• PROVIDED DATA:
■ ■ ■ ■ ■ ■ ■

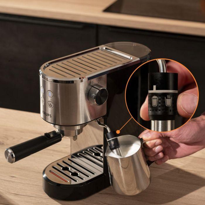 Kavni espresso aparat Krups XP444C10 Virtuoso s črpalko ponuja popolno izkušnjo priprave espressa v elegantnem, kompaktnem okvirju iz nerjavečega jekla.
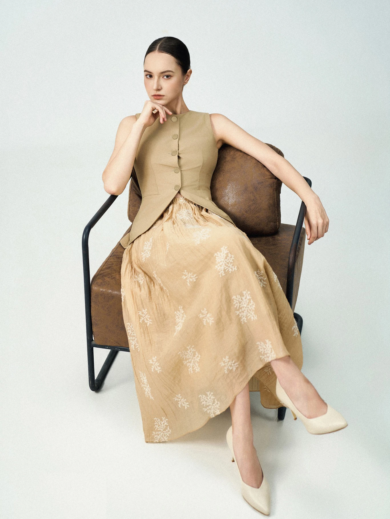 Áo vest không tay, áo gile vốn là món đồ đại diện cho nét tính cách mạnh mẽ, bản lĩnh và tính quyết đoán của quý cô. Khi mặc cùng chân váy tơ hoa, hình ảnh trở nên cân bằng, hài hòa và mềm mại hơn hẳn
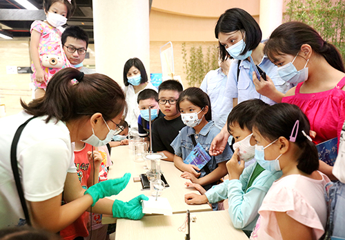 “我們?yōu)槭裁匆人薄凹抑凶詠硭兯{(lán)是什么原因”……在長江文明館臨展廳“武水講堂”正在進(jìn)行中。水務(wù)集團(tuán)水質(zhì)監(jiān)測中心工作人員講解了自來水水源地保護(hù)、原水取用、水質(zhì)檢測等相關(guān)知識(shí),并介紹了水務(wù)職工為市民日常生活及疫情期間所作出的貢獻(xiàn)。他們帶領(lǐng)小朋友們做了電解水實(shí)驗(yàn),并跟大家科普“現(xiàn)在社會(huì)上有些不良商販就是利用這個(gè)實(shí)驗(yàn)現(xiàn)象欺騙消費(fèi)者,希望大家通過今天的實(shí)驗(yàn)了解真相,不要上當(dāng)亂買凈水產(chǎn)品!”

■ ■ ■ ■ ■ ■ ■

• ACTION ITEM: Everything in the listing above except the pictures should be duplicated exactly.

• COMPLETED TASK:
 Kavni espresso aparat Krups XP444C10 Virtuoso s črpalko ponuja popolno izkušnjo priprave espressa v elegantnem, kompaktnem okvirju iz nerjavečega jekla.
 Áo vest không tay, áo gile vốn là món đồ đại diện cho nét tính cách mạnh mẽ, bản lĩnh và tính quyết đoán của quý cô. Khi mặc cùng chân váy tơ hoa, hình ảnh trở nên cân bằng, hài hòa và mềm mại hơn hẳn
 “我們?yōu)槭裁匆人薄凹抑凶詠硭兯{(lán)是什么原因”……在長江文明館臨展廳“武水講堂”正在進(jìn)行中。水務(wù)集團(tuán)水質(zhì)監(jiān)測中心工作人員講解了自來水水源地保護(hù)、原水取用、水質(zhì)檢測等相關(guān)知識(shí),并介紹了水務(wù)職工為市民日常生活及疫情期間所作出的貢獻(xiàn)。他們帶領(lǐng)小朋友們做了電解水實(shí)驗(yàn),并跟大家科普“現(xiàn)在社會(huì)上有些不良商販就是利用這個(gè)實(shí)驗(yàn)現(xiàn)象欺騙消費(fèi)者,希望大家通過今天的實(shí)驗(yàn)了解真相,不要上當(dāng)亂買凈水產(chǎn)品!”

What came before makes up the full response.